Augusta était une fille calme, optimiste, très douée en classe, sociable. Elle était grande, ses yeux reflé-taient la pureté et la complexité de son esprit et ses blonds et longs cheveux étaient devenus sa signature. La plupart du temps, elle arborait des vêtements colorés, symboles de sa félicité accoutumée et nouait quotidiennement ses cheveux en une longue tresse qui descendait jusqu’au haut de ses cuisses. Sa chambre était tapissée, du sol au plafond, d’objets venus des quatre coins de la Terre. Des bibelots des souks marocains aux matriochkas multicolores et joufflues ; des « Miss Liberty » miniatures aux boomerangs aborigènes ; des colliers de fleurs hawaïens aux fleurs de cerisiers séchées… Sa chambre recelait de trésors, tous plus incongrus et originaux les uns que les autres. Tous ces trésors, elle les avait trouvés, dénichés ou reçus en présents… Elle les gardait précieusement, en attendant le jour où elle irait elle-même les chercher dans un ailleurs.

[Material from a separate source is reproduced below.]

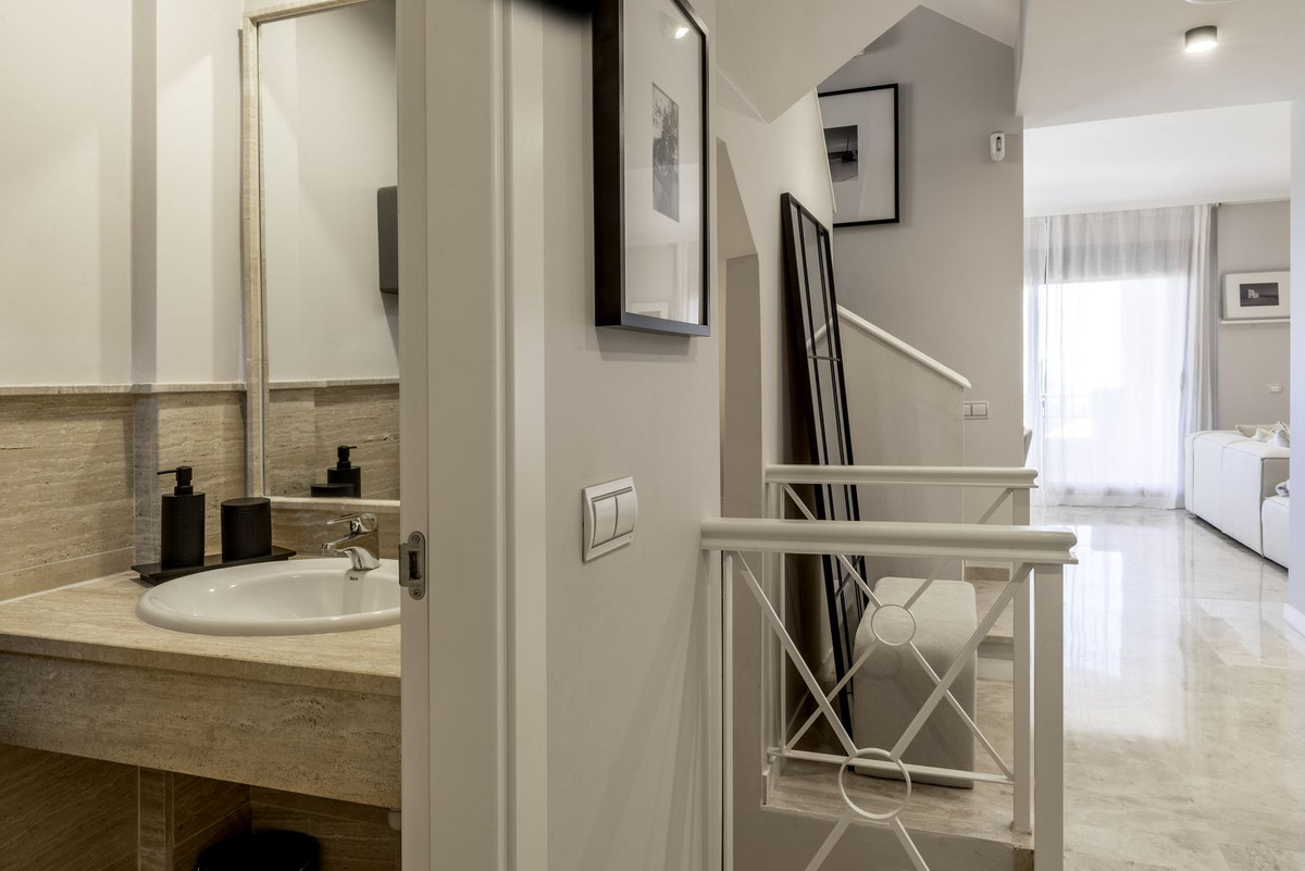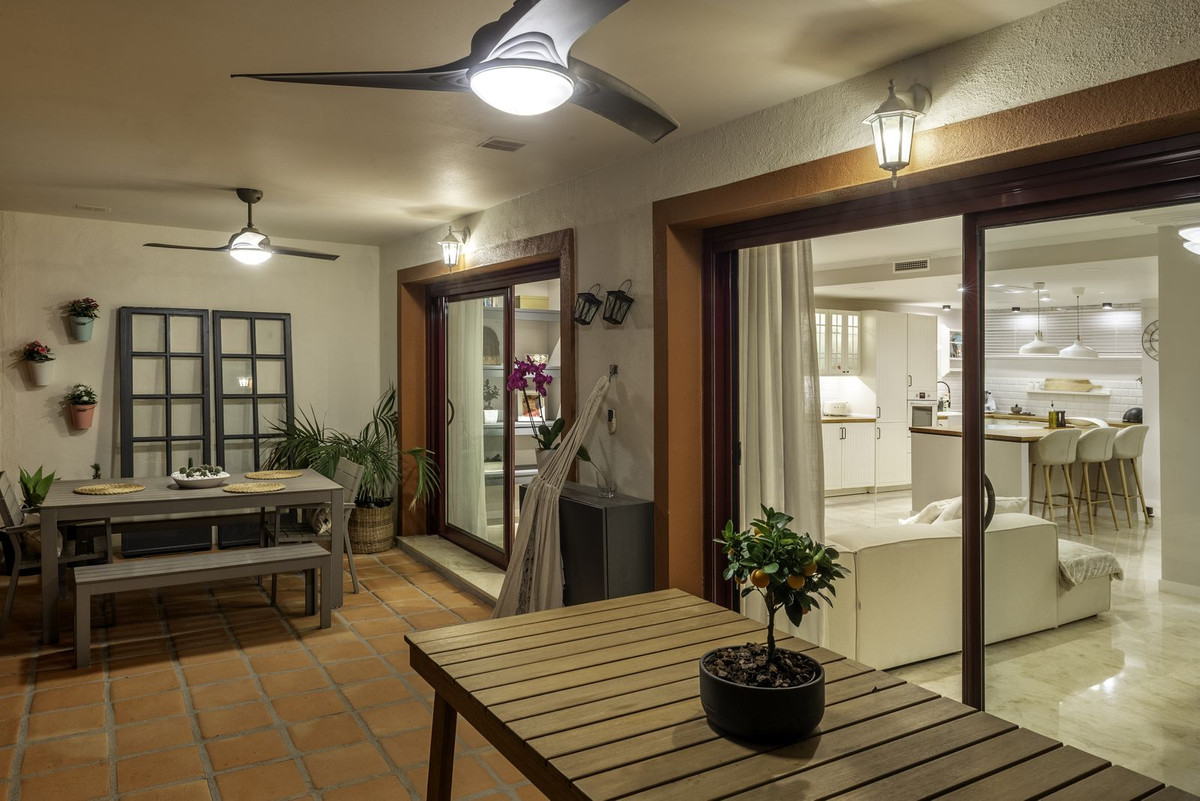 Perched in El Paraíso Alto, this corner townhouse of 225 m², southeast‑facing, is a poem of panorama: every room opens onto the Mediterranean and the iconic silhouette of La Concha. Set within a gated, monitored community where three pools nestle among pine and greenery, the property strikes a rare balance of security, privacy and breathtaking views.
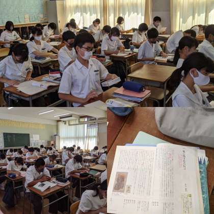 【国語】『壁に残された伝言』の朗読を聞いていました。(3組)

C’étaient ces bricoles entreposées qui avaient éveillé sa curiosité, maintenant devenue insatiable. Elle avait remarqué un jour que certains étaient plus abîmés ou plus ternes. D’où pouvait bien venir cette désuétude ? La phrase de Madame de Paille, la directrice de l’école qu’Augusta fréquentait et adjointe du maire de Chronochoris, lui était revenu à l’esprit : « Le Temps » est la raison suffisante de tous les troubles possibles d’une société. Dès l’invention même de cette notion, elle déclencha des horreurs. Chronos, dieu du temps selon les Grecs, dévora ses enfants : seul le temps est capable de telles ignominies. Le temps détériore, ronge, dévore tout ce qu’il rencontre. Le Temps est incontrôlable, il ne peut donc être permis qu’il s’immisce dans nos vies. Il efface nos plus précieux souvenirs et fait sombrer dans l’oubli d’illustres évènements. Mais Chronos est un dieu, un être qui nécessite soit une croyance, soit un doute. Nos têtes chercheuses ont démontré que le « Temps » n’a pas existé, n’existe pas et n’existera pas. Tous les événements se sont déroulés et se déroulent sans interruption : nul besoin de savoir dans quel ordre. « Tout élève ou citoyen surpris à rechercher le temps, une évolution, une période quelconque ou une succession ordonnée se verra dirigé vers les bureaux de la Chronopolis qui traitera l’affaire et jugera le traitement approprié pour lui faire oublier ses investigations hors-la-loi. » Vision bien (trop) mani-chéenne selon nombre de citoyens… Les rouages de son esprit s’étaient donc mis en route. Déterminer que le temps était la cause ultime de l’usure de ses objets marqua la première rencontre d’Augusta avec cette délicate notion.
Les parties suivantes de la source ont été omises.